▸ LISTED RECORDS
= Beginning of Section =

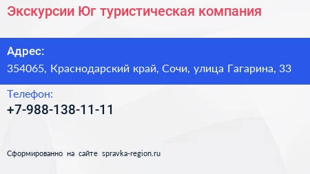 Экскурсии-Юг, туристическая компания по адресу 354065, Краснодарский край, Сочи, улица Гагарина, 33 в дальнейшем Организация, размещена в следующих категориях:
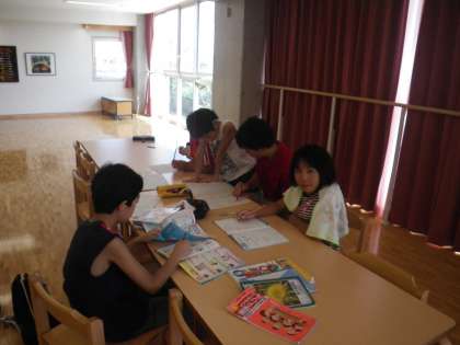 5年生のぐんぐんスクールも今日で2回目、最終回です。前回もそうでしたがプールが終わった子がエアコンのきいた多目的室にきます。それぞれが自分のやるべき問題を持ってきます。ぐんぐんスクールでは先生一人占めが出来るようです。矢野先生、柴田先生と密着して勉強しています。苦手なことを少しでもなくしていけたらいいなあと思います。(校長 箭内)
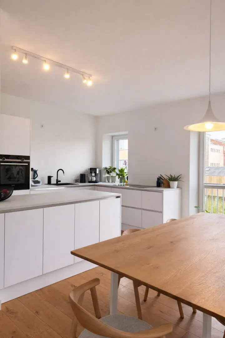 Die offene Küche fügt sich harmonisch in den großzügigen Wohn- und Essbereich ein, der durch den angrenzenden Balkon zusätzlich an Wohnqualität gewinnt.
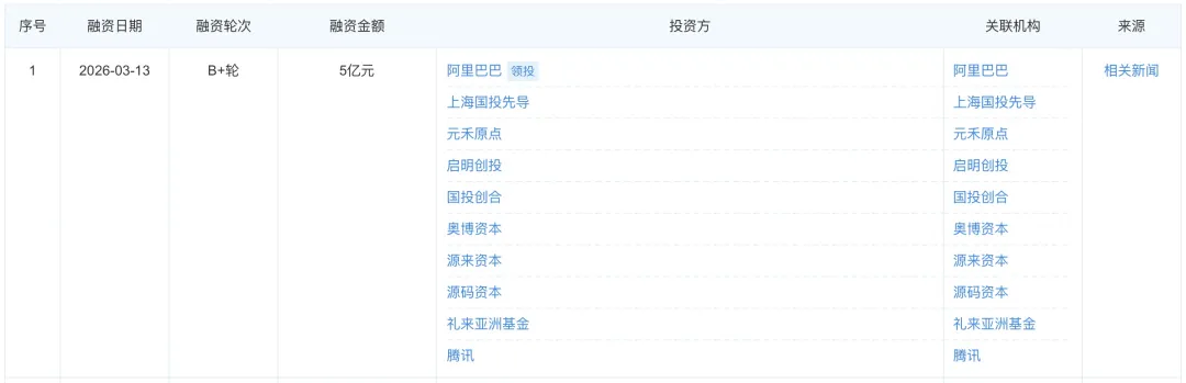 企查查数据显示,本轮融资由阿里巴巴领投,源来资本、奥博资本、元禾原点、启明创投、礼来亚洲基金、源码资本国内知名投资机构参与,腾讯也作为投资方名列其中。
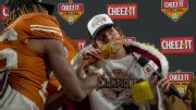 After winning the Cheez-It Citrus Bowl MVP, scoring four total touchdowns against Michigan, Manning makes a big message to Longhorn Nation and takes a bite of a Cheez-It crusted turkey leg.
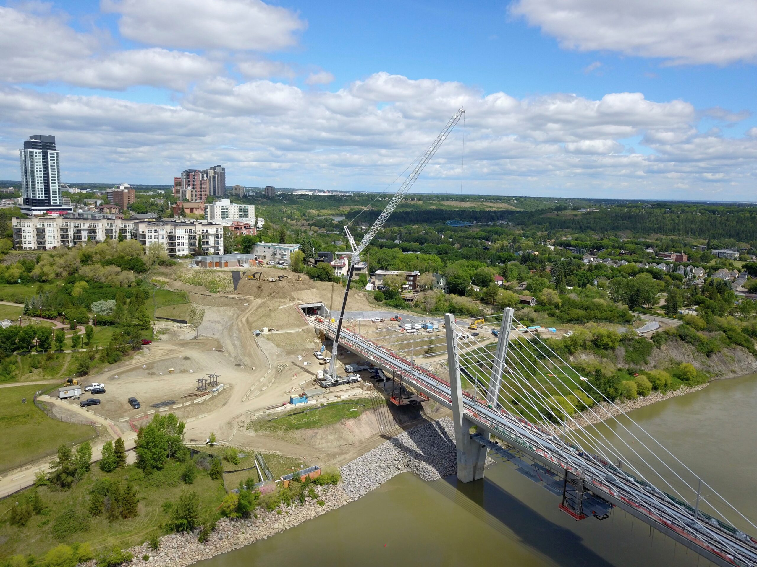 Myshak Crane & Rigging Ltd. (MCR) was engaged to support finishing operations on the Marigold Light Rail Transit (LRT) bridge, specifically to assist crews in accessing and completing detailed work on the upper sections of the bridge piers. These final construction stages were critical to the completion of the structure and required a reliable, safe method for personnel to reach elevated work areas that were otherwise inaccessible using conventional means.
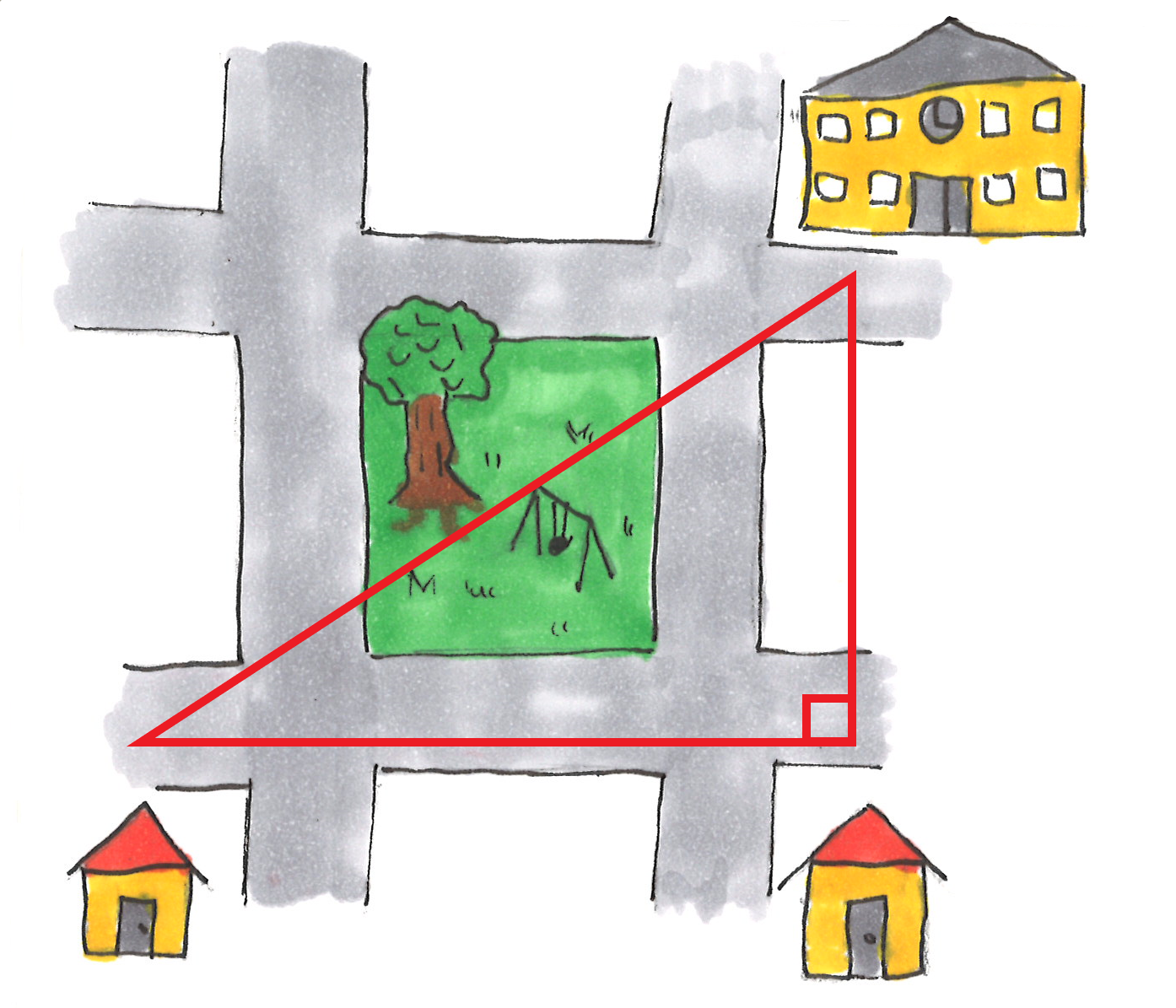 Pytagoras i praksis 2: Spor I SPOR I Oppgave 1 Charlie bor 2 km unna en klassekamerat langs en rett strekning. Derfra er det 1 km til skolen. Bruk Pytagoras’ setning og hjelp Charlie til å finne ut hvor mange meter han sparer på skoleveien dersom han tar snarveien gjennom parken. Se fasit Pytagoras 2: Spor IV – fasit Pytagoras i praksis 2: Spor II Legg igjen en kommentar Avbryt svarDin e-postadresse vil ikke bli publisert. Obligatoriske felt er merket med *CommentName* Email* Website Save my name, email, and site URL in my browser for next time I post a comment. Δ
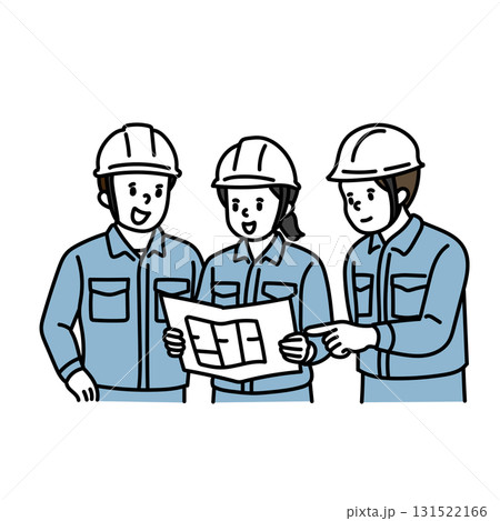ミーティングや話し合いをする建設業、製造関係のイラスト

= End of Section =
= Beginning of Section =

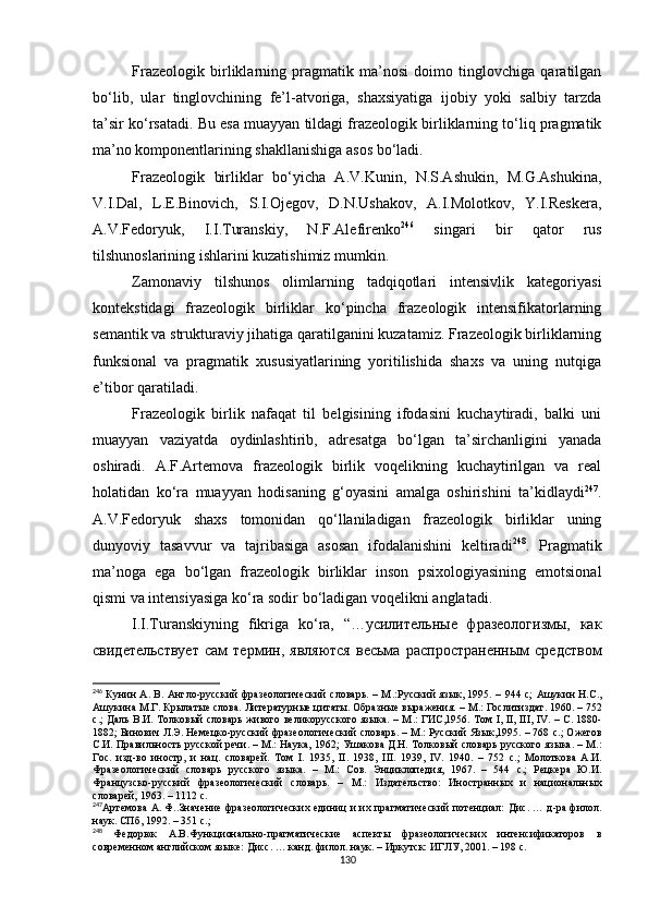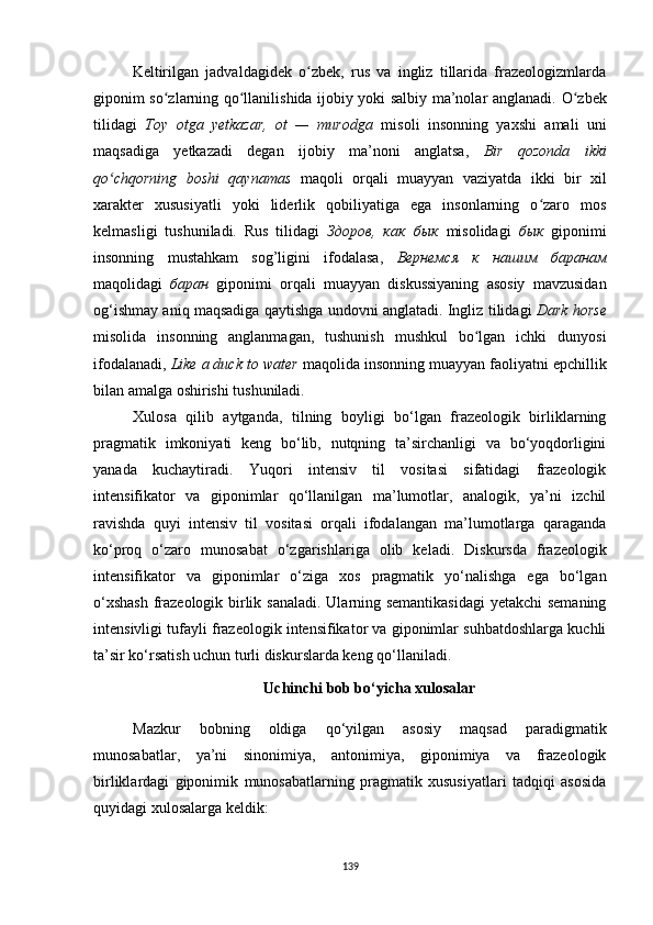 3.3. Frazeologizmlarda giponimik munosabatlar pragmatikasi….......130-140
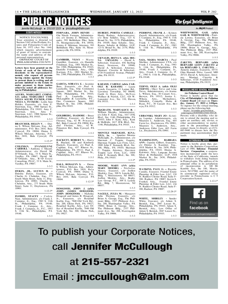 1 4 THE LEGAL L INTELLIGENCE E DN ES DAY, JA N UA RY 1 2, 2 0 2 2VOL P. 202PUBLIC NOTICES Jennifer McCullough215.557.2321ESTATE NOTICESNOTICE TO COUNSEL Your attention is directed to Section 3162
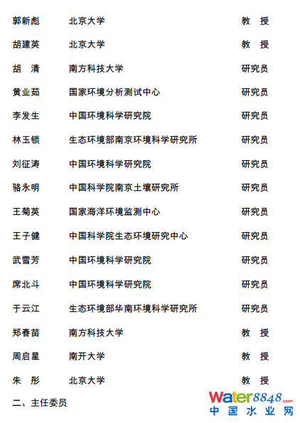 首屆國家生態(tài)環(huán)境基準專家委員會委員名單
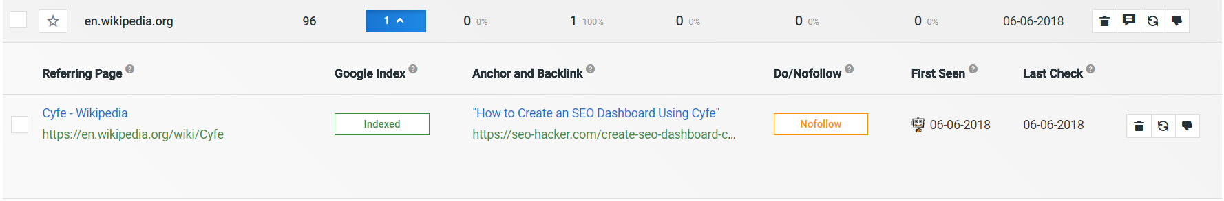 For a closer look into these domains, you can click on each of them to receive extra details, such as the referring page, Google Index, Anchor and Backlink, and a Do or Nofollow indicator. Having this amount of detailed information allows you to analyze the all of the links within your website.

= End of Section =
= Beginning of Section =

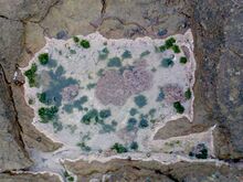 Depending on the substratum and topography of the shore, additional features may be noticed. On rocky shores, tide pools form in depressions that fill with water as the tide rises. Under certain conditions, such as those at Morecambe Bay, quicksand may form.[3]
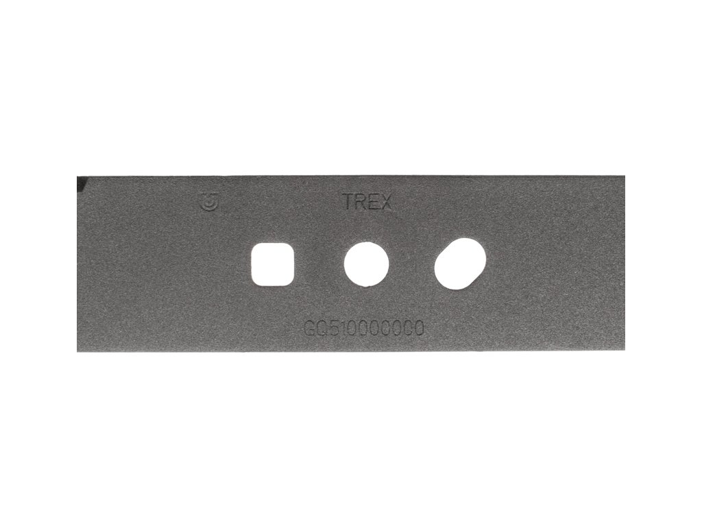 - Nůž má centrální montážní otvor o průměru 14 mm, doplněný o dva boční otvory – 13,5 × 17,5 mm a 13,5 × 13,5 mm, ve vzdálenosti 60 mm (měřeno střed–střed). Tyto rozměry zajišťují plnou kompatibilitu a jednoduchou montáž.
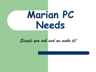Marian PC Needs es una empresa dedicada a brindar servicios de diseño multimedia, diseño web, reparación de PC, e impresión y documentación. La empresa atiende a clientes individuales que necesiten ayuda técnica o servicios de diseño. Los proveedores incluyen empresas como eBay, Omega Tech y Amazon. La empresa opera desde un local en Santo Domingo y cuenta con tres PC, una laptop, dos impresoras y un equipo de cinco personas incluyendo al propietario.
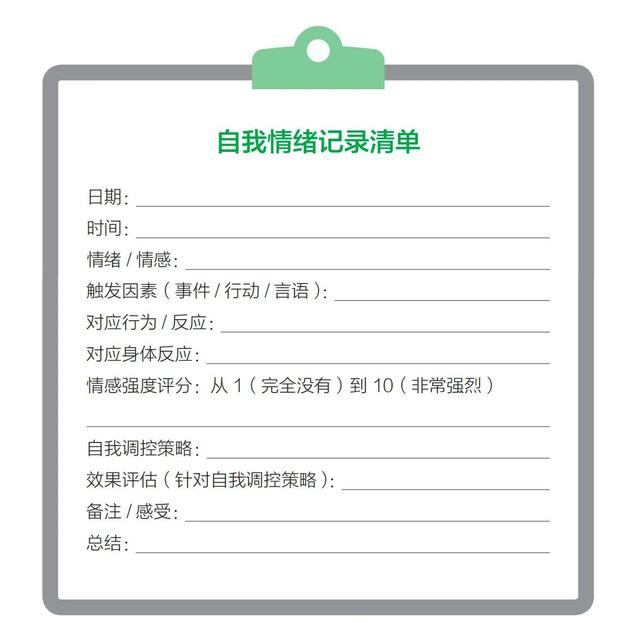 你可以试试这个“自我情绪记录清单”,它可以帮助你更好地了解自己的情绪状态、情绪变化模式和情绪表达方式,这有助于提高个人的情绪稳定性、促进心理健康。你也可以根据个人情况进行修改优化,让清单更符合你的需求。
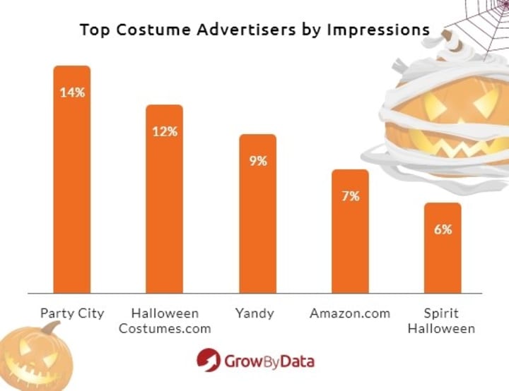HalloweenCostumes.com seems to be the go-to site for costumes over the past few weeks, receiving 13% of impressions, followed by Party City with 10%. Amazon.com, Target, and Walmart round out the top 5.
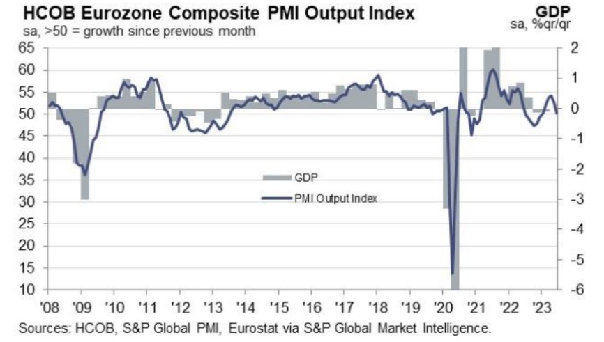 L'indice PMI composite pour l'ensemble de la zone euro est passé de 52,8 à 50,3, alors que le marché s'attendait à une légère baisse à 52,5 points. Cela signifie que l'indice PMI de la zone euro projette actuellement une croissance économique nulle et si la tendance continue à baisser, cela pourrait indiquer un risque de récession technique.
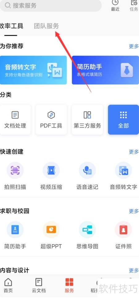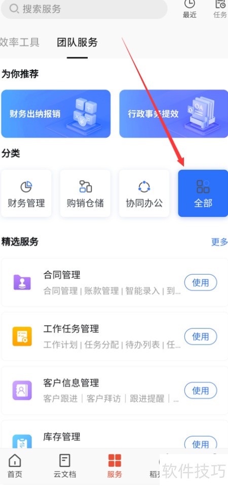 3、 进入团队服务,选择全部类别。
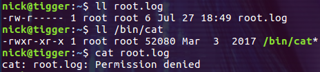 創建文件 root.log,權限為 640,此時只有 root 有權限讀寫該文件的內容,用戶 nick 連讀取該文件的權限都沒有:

= End of Section =

▸ WORK TO BE COMPLETED
In the material above, one part opens with the line containing "企查查数据显示,本轮融资由阿" and closes with the line containing "ミーティングや話し合いをする建設業、製造関係のイラスト". Write out that part exactly and skip its pictures.

▸ RESPONSE AREA
 企查查数据显示,本轮融资由阿里巴巴领投,源来资本、奥博资本、元禾原点、启明创投、礼来亚洲基金、源码资本国内知名投资机构参与,腾讯也作为投资方名列其中。
 After winning the Cheez-It Citrus Bowl MVP, scoring four total touchdowns against Michigan, Manning makes a big message to Longhorn Nation and takes a bite of a Cheez-It crusted turkey leg.
 Myshak Crane & Rigging Ltd. (MCR) was engaged to support finishing operations on the Marigold Light Rail Transit (LRT) bridge, specifically to assist crews in accessing and completing detailed work on the upper sections of the bridge piers. These final construction stages were critical to the completion of the structure and required a reliable, safe method for personnel to reach elevated work areas that were otherwise inaccessible using conventional means.
 Pytagoras i praksis 2: Spor I SPOR I Oppgave 1 Charlie bor 2 km unna en klassekamerat langs en rett strekning. Derfra er det 1 km til skolen. Bruk Pytagoras’ setning og hjelp Charlie til å finne ut hvor mange meter han sparer på skoleveien dersom han tar snarveien gjennom parken. Se fasit Pytagoras 2: Spor IV – fasit Pytagoras i praksis 2: Spor II Legg igjen en kommentar Avbryt svarDin e-postadresse vil ikke bli publisert. Obligatoriske felt er merket med *CommentName* Email* Website Save my name, email, and site URL in my browser for next time I post a comment. Δ
ミーティングや話し合いをする建設業、製造関係のイラスト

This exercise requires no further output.